Data for processing Start Marker

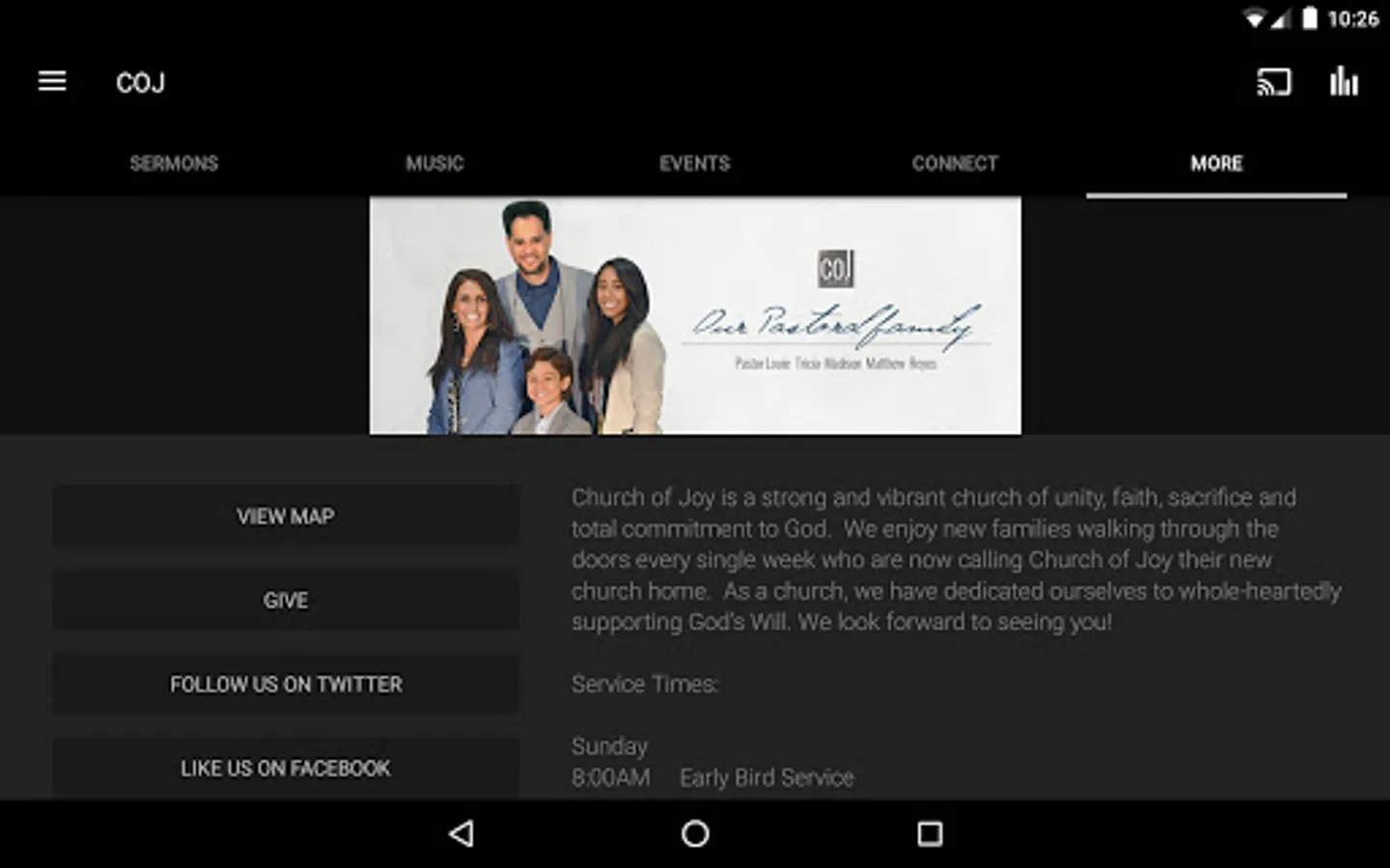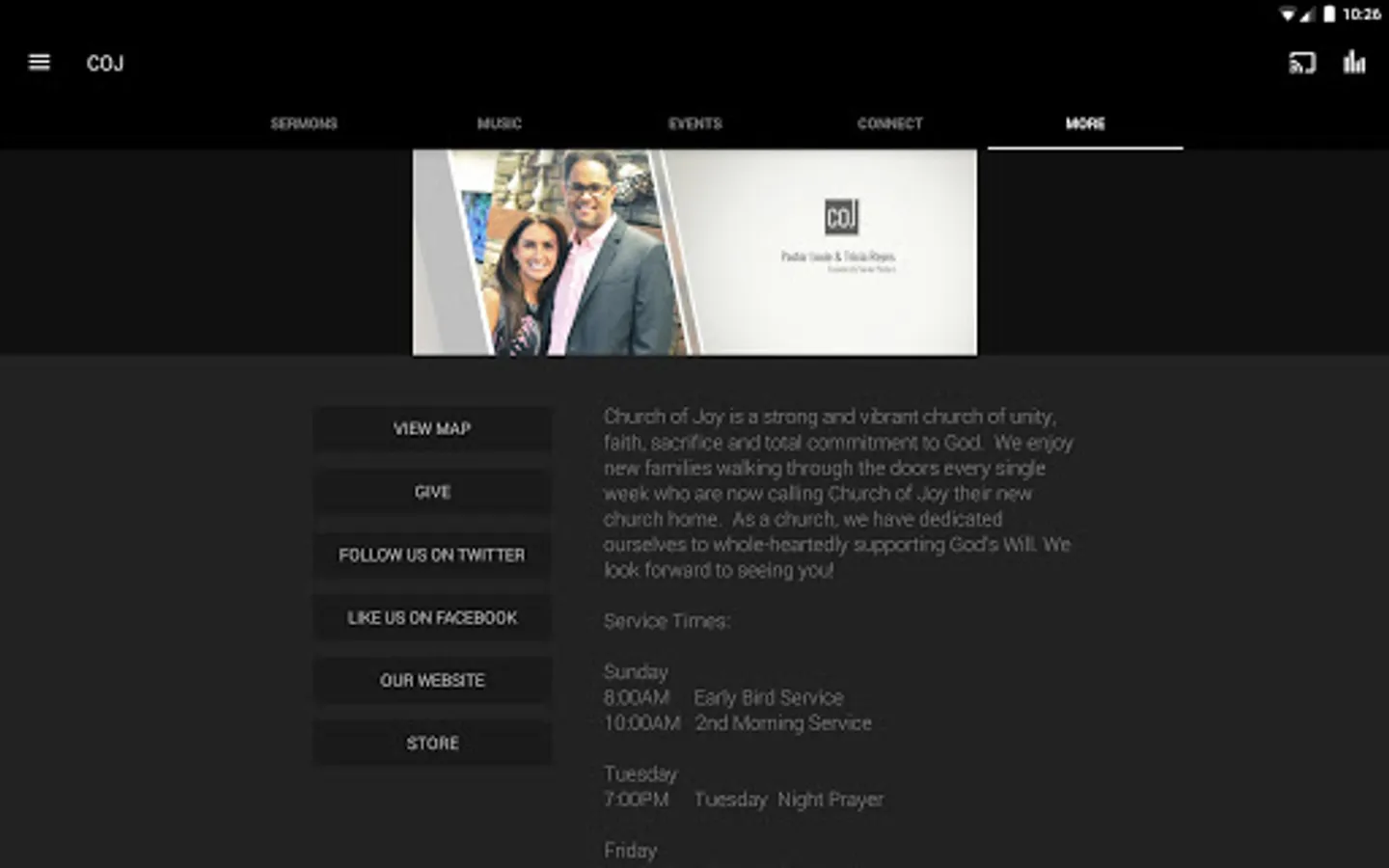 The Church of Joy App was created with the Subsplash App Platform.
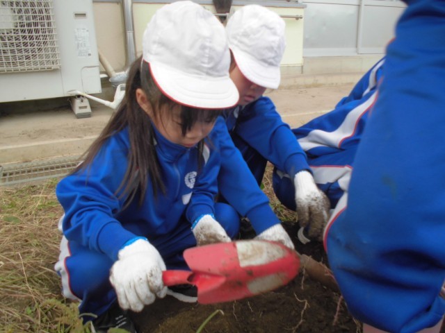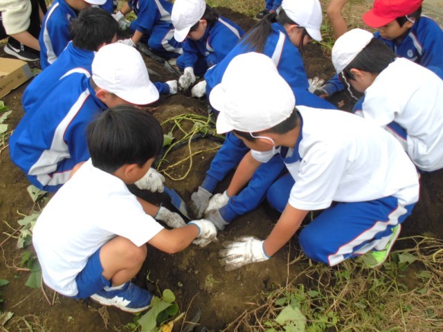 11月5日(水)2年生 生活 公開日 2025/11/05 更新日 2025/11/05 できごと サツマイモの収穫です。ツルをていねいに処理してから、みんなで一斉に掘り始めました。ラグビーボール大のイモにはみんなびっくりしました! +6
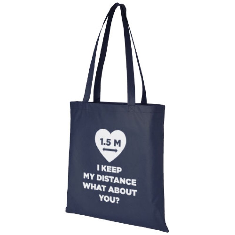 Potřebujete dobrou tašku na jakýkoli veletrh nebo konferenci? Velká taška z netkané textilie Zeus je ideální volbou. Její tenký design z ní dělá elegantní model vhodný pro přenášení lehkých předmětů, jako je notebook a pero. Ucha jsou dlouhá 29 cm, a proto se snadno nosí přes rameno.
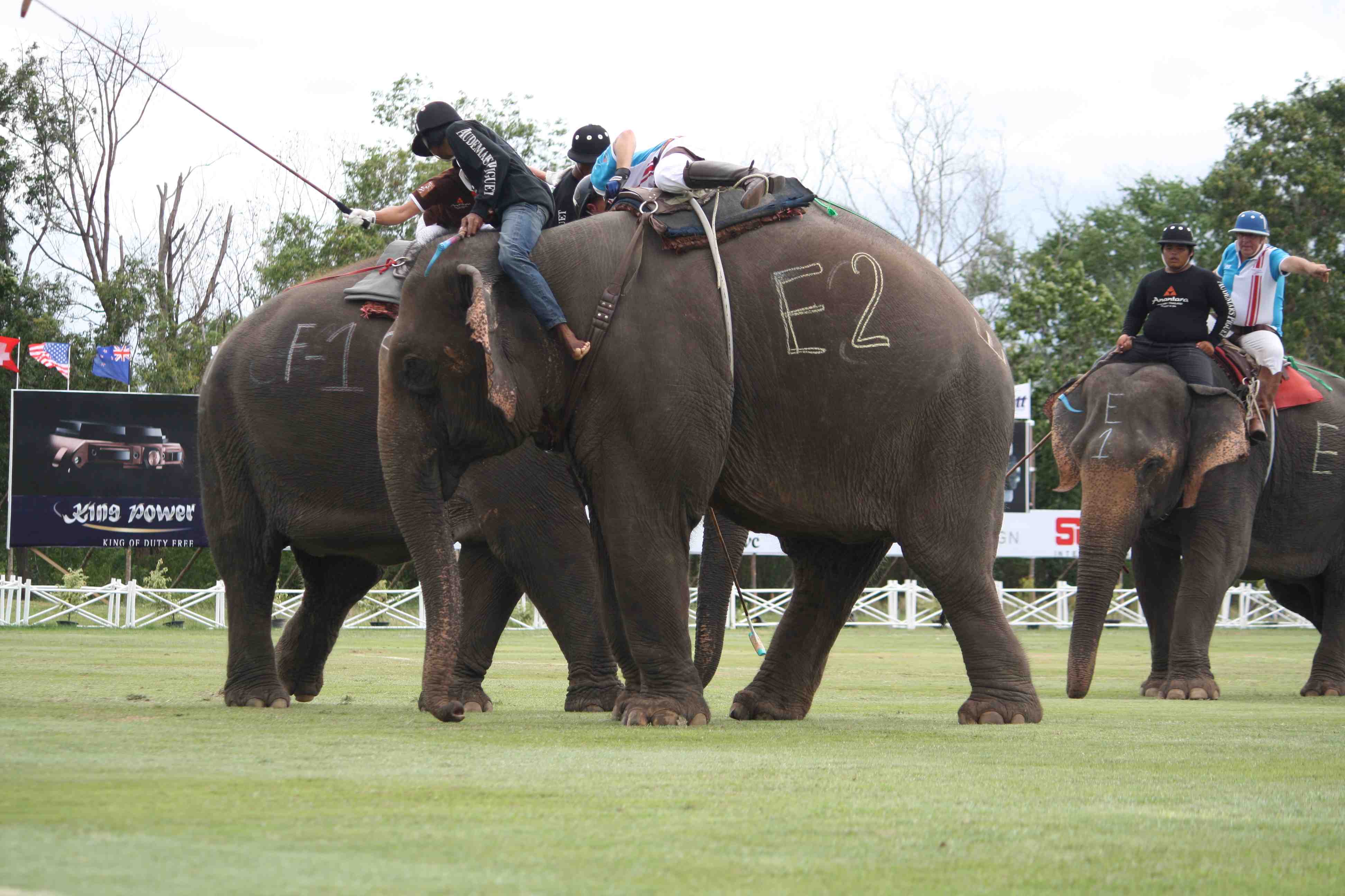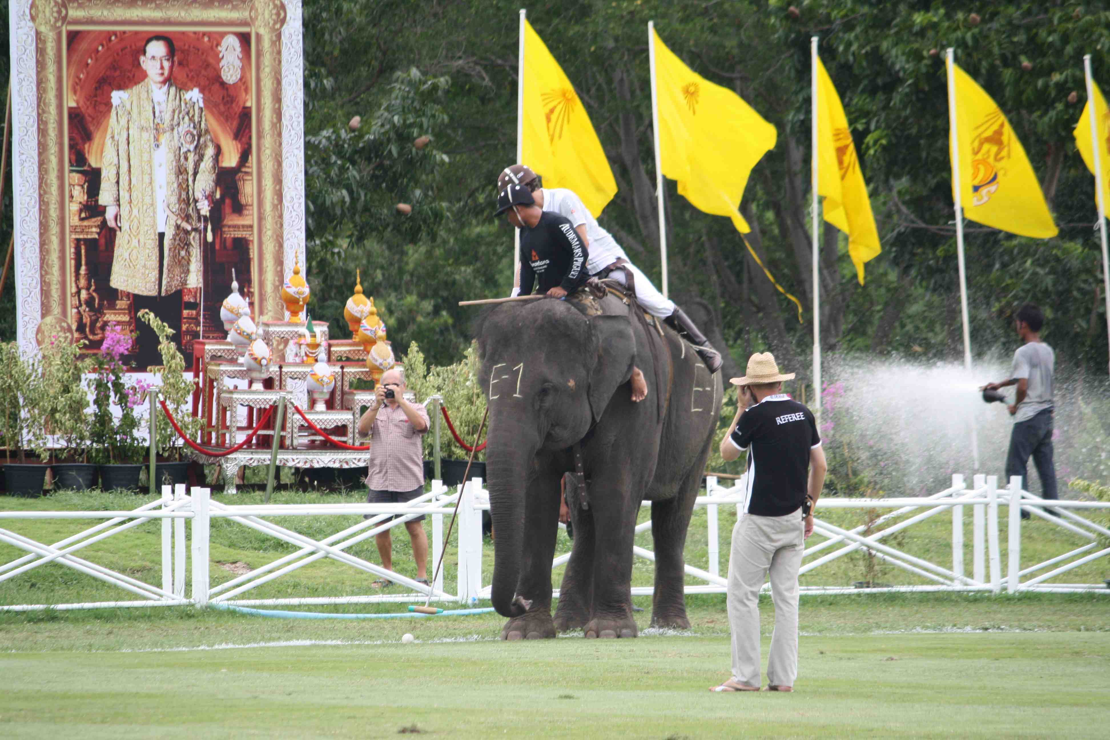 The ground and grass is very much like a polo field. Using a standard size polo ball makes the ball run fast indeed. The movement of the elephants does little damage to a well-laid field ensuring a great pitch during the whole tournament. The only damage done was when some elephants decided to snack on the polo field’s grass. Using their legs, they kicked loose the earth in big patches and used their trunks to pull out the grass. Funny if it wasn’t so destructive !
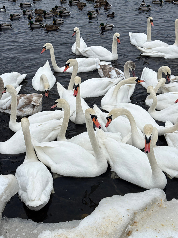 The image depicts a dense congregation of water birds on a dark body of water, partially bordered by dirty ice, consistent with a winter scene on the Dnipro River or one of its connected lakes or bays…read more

Data for processing End Marker

What to work on - Reproduce every record above exactly as given, excluding pictures from the result.

Exercise answer -
 The Church of Joy App was created with the Subsplash App Platform.
 11月5日(水)2年生 生活 公開日 2025/11/05 更新日 2025/11/05 できごと サツマイモの収穫です。ツルをていねいに処理してから、みんなで一斉に掘り始めました。ラグビーボール大のイモにはみんなびっくりしました! +6
 Potřebujete dobrou tašku na jakýkoli veletrh nebo konferenci? Velká taška z netkané textilie Zeus je ideální volbou. Její tenký design z ní dělá elegantní model vhodný pro přenášení lehkých předmětů, jako je notebook a pero. Ucha jsou dlouhá 29 cm, a proto se snadno nosí přes rameno.
 The ground and grass is very much like a polo field. Using a standard size polo ball makes the ball run fast indeed. The movement of the elephants does little damage to a well-laid field ensuring a great pitch during the whole tournament. The only damage done was when some elephants decided to snack on the polo field’s grass. Using their legs, they kicked loose the earth in big patches and used their trunks to pull out the grass. Funny if it wasn’t so destructive !
 The image depicts a dense congregation of water birds on a dark body of water, partially bordered by dirty ice, consistent with a winter scene on the Dnipro River or one of its connected lakes or bays…read more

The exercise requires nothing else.